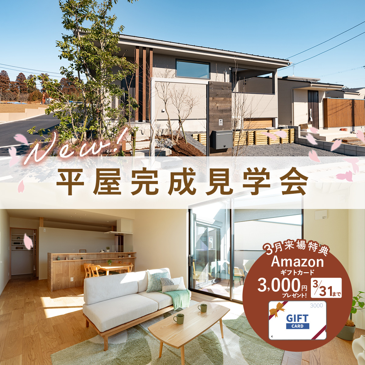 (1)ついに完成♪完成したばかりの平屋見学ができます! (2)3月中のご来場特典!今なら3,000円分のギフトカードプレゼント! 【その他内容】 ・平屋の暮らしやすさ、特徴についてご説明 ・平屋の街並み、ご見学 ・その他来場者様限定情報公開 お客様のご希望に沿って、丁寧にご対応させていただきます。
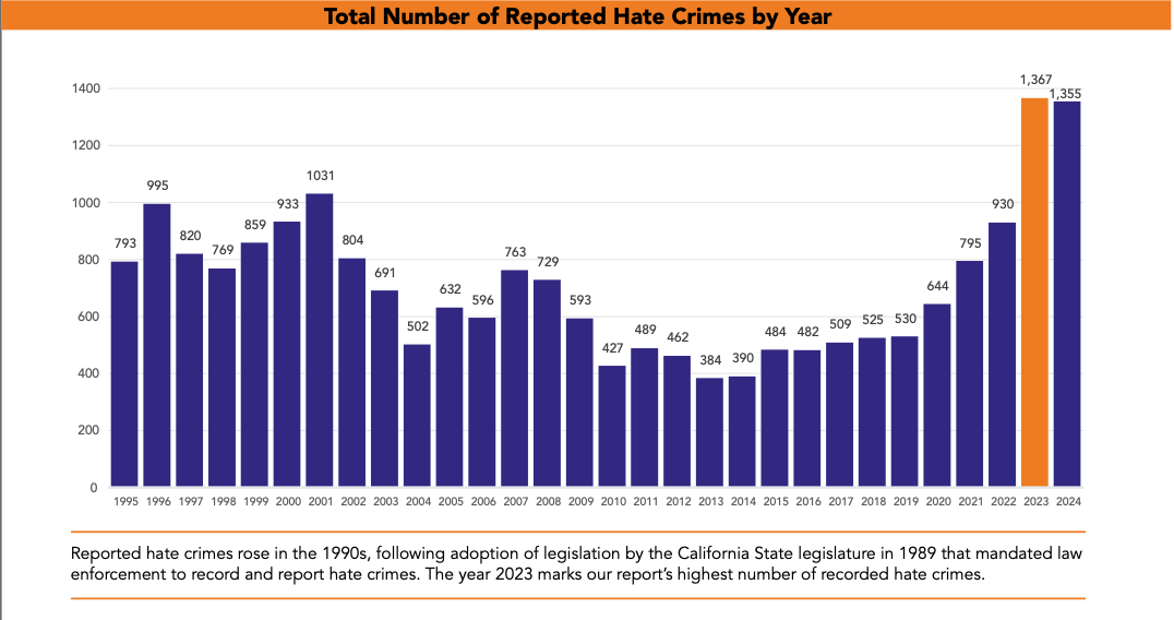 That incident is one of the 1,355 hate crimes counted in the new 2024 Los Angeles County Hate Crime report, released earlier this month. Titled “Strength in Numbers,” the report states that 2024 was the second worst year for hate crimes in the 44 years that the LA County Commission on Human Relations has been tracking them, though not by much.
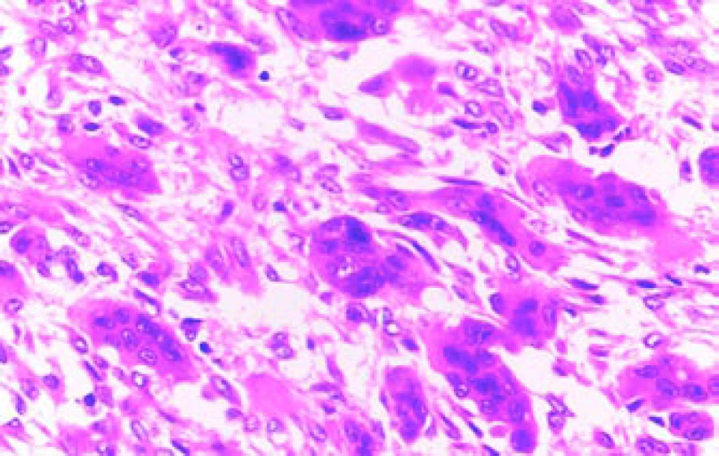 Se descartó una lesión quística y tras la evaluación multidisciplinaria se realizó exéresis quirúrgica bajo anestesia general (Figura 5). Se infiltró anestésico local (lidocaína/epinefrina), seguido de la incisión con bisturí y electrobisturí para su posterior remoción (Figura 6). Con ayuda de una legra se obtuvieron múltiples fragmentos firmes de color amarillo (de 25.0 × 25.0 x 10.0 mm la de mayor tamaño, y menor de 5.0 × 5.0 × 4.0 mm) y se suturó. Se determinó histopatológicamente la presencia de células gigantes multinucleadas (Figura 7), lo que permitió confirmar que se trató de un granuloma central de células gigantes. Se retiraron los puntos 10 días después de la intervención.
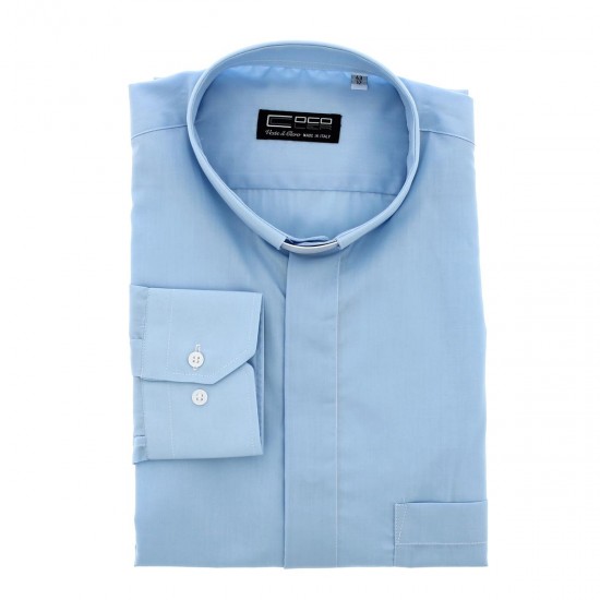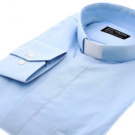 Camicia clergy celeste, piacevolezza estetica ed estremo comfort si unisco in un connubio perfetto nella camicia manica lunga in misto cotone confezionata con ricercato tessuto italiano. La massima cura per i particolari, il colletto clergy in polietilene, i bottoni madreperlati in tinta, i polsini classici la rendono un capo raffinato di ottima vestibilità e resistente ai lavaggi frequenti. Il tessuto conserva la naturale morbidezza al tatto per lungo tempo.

★ ★ ★ ★

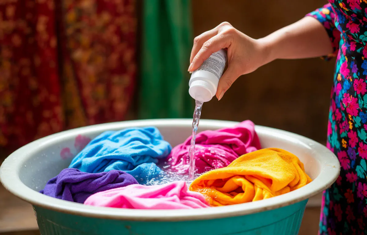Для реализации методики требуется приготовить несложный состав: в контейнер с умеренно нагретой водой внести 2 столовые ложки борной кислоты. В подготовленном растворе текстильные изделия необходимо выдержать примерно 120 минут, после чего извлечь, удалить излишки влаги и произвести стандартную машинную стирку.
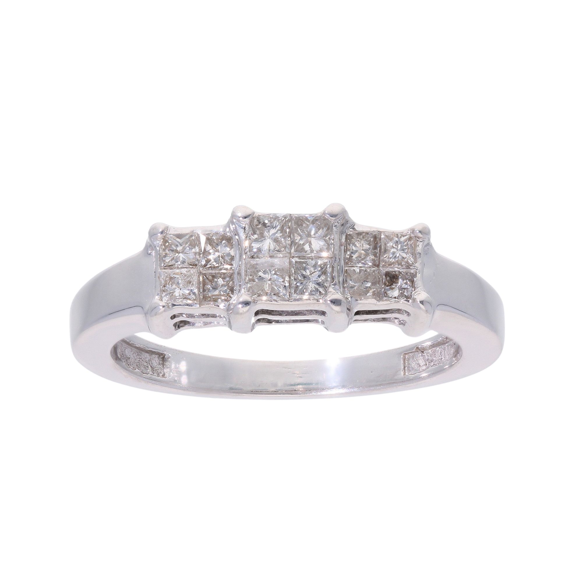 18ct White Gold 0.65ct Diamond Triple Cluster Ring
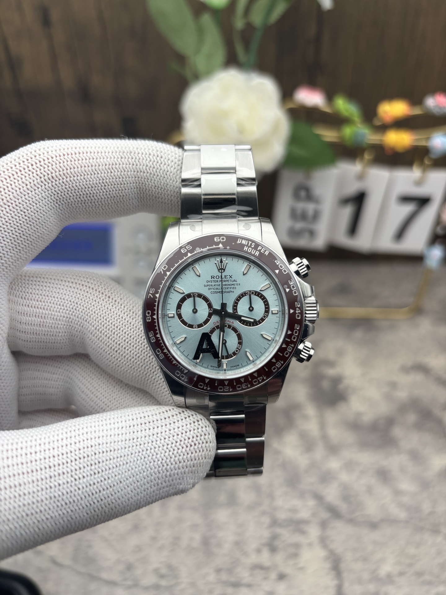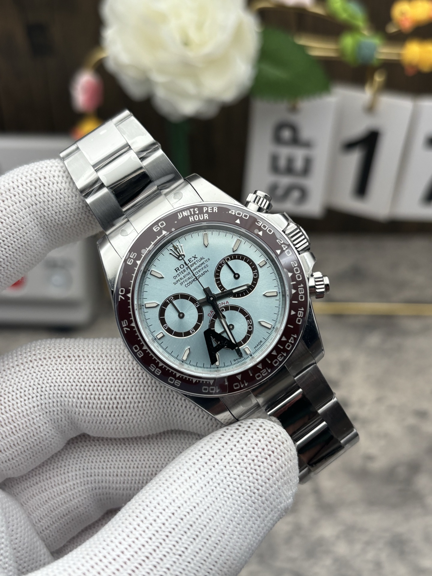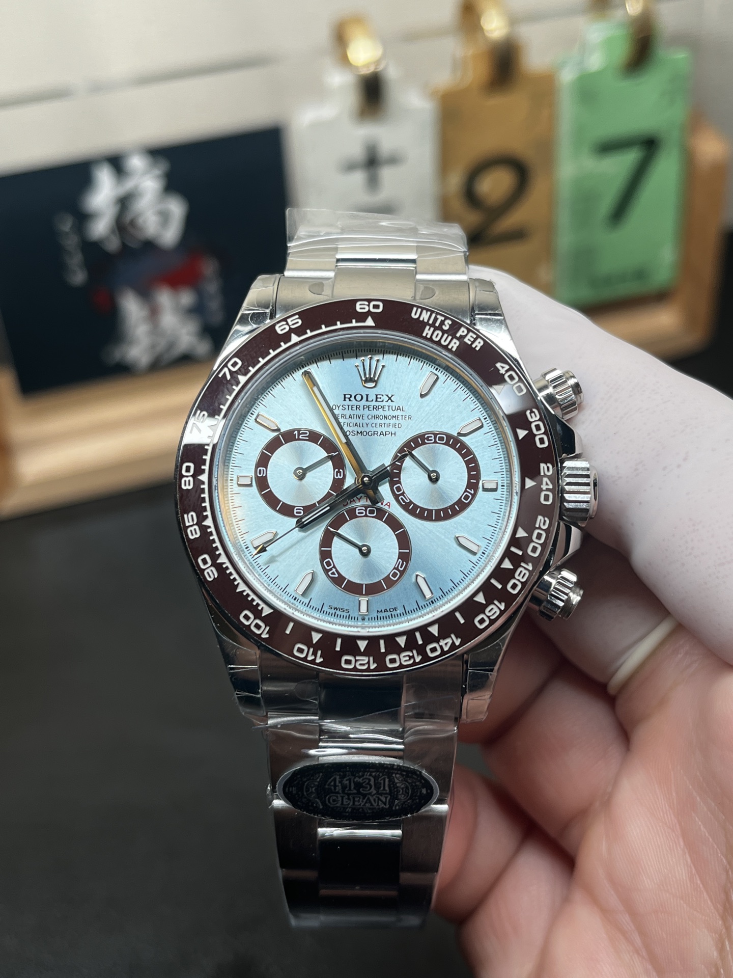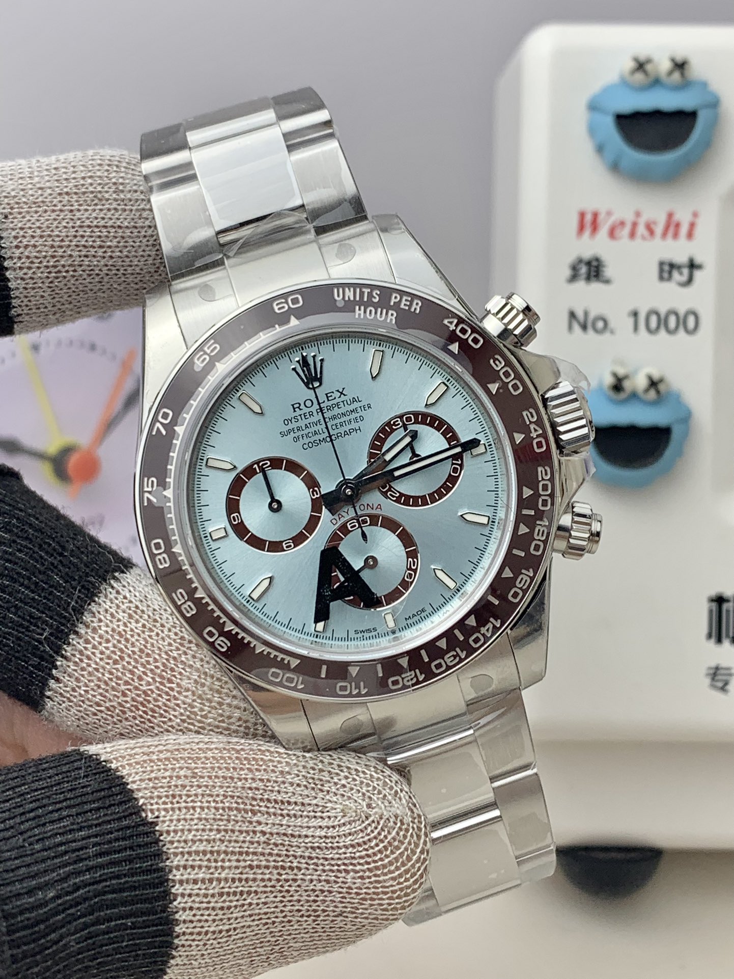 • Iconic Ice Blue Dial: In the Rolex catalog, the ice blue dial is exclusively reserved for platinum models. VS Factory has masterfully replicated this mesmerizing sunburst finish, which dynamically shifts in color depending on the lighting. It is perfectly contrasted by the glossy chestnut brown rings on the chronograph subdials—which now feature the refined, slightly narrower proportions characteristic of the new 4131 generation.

★ ★ ★ ★

_Task prompt_
What is wanted is an exact copy of the lines above from the one containing "That incident is" through the one containing "Se descartó una", with no pictures in it.

_Reply_
 That incident is one of the 1,355 hate crimes counted in the new 2024 Los Angeles County Hate Crime report, released earlier this month. Titled “Strength in Numbers,” the report states that 2024 was the second worst year for hate crimes in the 44 years that the LA County Commission on Human Relations has been tracking them, though not by much.
 Se descartó una lesión quística y tras la evaluación multidisciplinaria se realizó exéresis quirúrgica bajo anestesia general (Figura 5). Se infiltró anestésico local (lidocaína/epinefrina), seguido de la incisión con bisturí y electrobisturí para su posterior remoción (Figura 6). Con ayuda de una legra se obtuvieron múltiples fragmentos firmes de color amarillo (de 25.0 × 25.0 x 10.0 mm la de mayor tamaño, y menor de 5.0 × 5.0 × 4.0 mm) y se suturó. Se determinó histopatológicamente la presencia de células gigantes multinucleadas (Figura 7), lo que permitió confirmar que se trató de un granuloma central de células gigantes. Se retiraron los puntos 10 días después de la intervención.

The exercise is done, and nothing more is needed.